The pick math is unkind: a two-mana enchantment that needs another for the level that matters, asked to earn its slot in a format where games end on a 3/2 trading into a 2/3, not on a topdeck burn race. Boros Equipment is the only deck that even opens the conversation, and even there it is a late hold, the card that wheels back at P9 or later once Bespoke Bō and Bot Bashing Time are gone.
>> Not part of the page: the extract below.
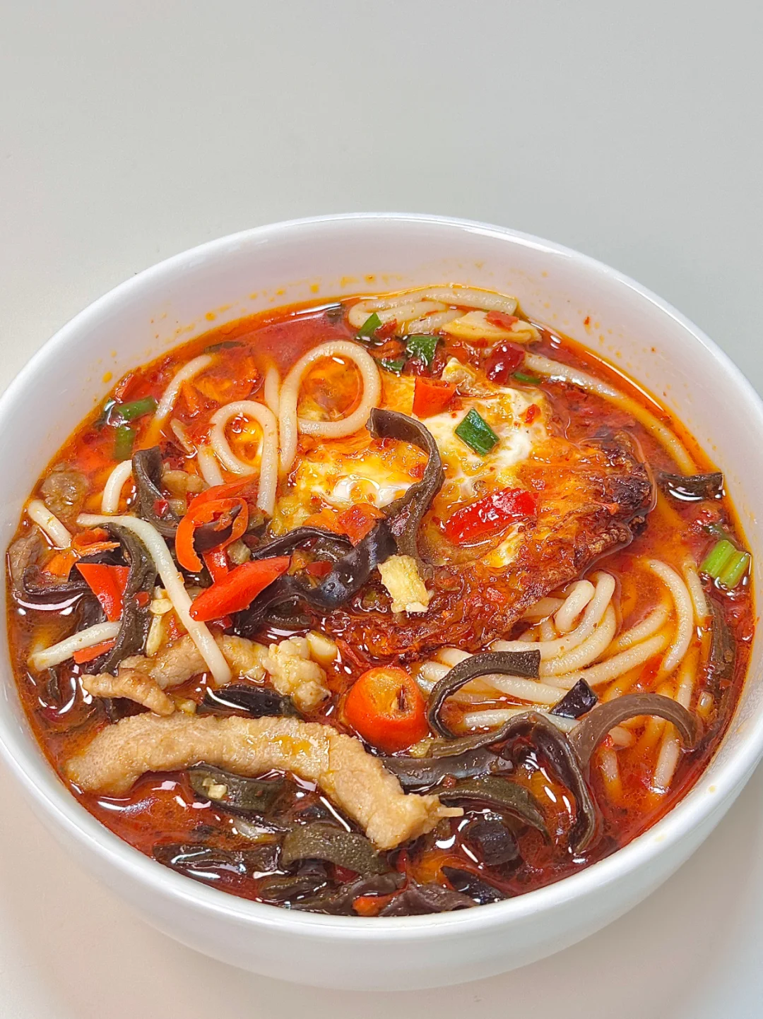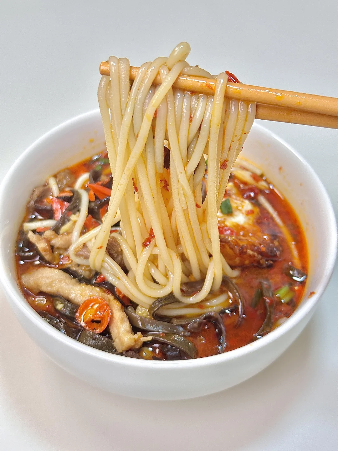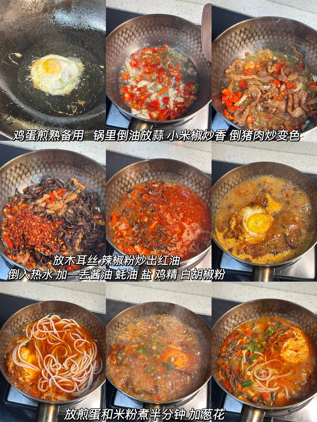 锅里倒油烧热,把鸡蛋煎好后盛出来,放蒜 小米椒炒香 倒入猪肉炒变色,放木耳丝 辣椒粉炒出红油。倒入热水煮开,调味加一点酱油 蚝油 盐 鸡精 白胡椒粉。

The deeper problem is that the format does not want what red rummaging sells. Looting pays off when the discarded card is dead in hand and the drawn one closes the game. In a midrange goodstuff environment with good fixing and splashable hybrid commons like Mechanized Ninja Cavalry, your hand is usually full of castable cards. You are not unloading flooded lands; you are turning a real card into a real card plus two damage, while the enchantment itself sits on an empty board demanding you keep attacking for the trigger to fire at all. Against Grounded for Life, which gets cheaper into a tapped attacker, that attack requirement is policed early and hard.
Level 3 is functionally unreachable in a real game: six total mana spread across turns for a tutor that then forces a random discard, with no graveyard payoffs in the set to turn that loss into upside. The level-2 mode is the honest read, pitch a land, stay card-neutral, ping for two on the Boros curve-out. But Sneak shows up on 59 cards here, so cheap evasive damage is already everywhere; the format does not need a rare slot to grind two per turn.
Maindeck only in clean RW aggressive builds. Sideboard everywhere else.